# Milan: Li ha rifiutato un'offerta da 450 milioni di euro. Spunta Xia



## admin (27 Maggio 2018)

Come riportato da La Repubblica in edicola oggi, 27 maggio 2017, Yonghong Li, nonostante sia accerchiato, ha appena rifiutato una proposta da 450 milioni di euro, per rilevare il Milan. *Li non vuole scendere sotto i 750 milioni di euro*. Ed ha rifiutato anche un'altra offerta, con la quale sarebbe rimasto *socio di minoranza*. Li aspetta tempi migliori per vendere, ed anche una eventuale quotazione in borsa. Ma il club va a picco.

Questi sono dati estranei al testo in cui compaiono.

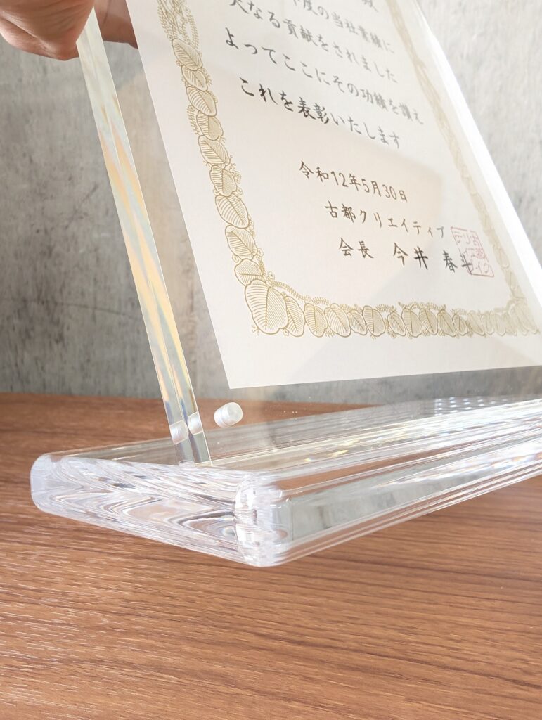 洗練された透明感としっかりとした存在感で、登録証や認定証を上質に引き立てます。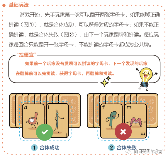 怎么办?当然是接着使用听读玩套装里的纸牌桌游,跟着“合体魔法”这一核心拼读规则,来一场“拼音大冒险”啦!

Il club è nel caso. *Fininvest* non ha intenzione di pagare l'eventuale multa mentre il Milan è diviso in *due fazioni*: ieri c'è stata una *riunione tra Fassone, Patuano e Scaroni* che studiano il modo per isolare i *cinesi i* quali, invece, non vogliono cedere il Milan ma, anzi, rastrellare soldi nella loro patria o negli Emirati Arabi per provare a tamponare la falla. E c'è un nome nuovo, dopo quelli di Bee e Li: un tale* Xia*, disposto ad investire 250 milioni di euro.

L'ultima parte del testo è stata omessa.